Leave out the pictures and output the data verbatim.

## Information shown
= = =

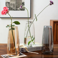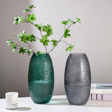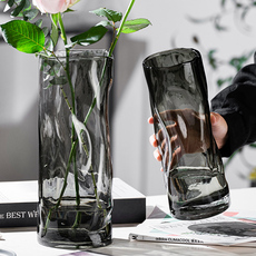 ins风高级感冰川直筒花瓶摆件玻璃透明简约水培富贵竹客厅装饰品
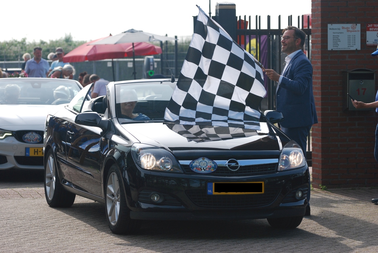 Onder een mooi zonnetje vlagde burgemeester Michiel Pijl de deelnemers aan de 12e Lions West-Friesland Rally op weg. Op de foto rechts stuurt hij met
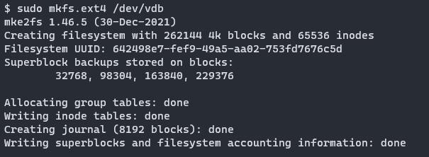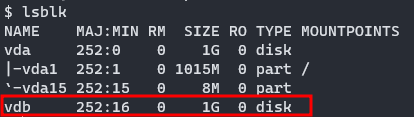 sudo mount /dev/vdb /mnt #/mnt 디렉토리와 마운트

= = =

## Response for this exercise
 ins风高级感冰川直筒花瓶摆件玻璃透明简约水培富贵竹客厅装饰品
 Onder een mooi zonnetje vlagde burgemeester Michiel Pijl de deelnemers aan de 12e Lions West-Friesland Rally op weg. Op de foto rechts stuurt hij met
 sudo mount /dev/vdb /mnt #/mnt 디렉토리와 마운트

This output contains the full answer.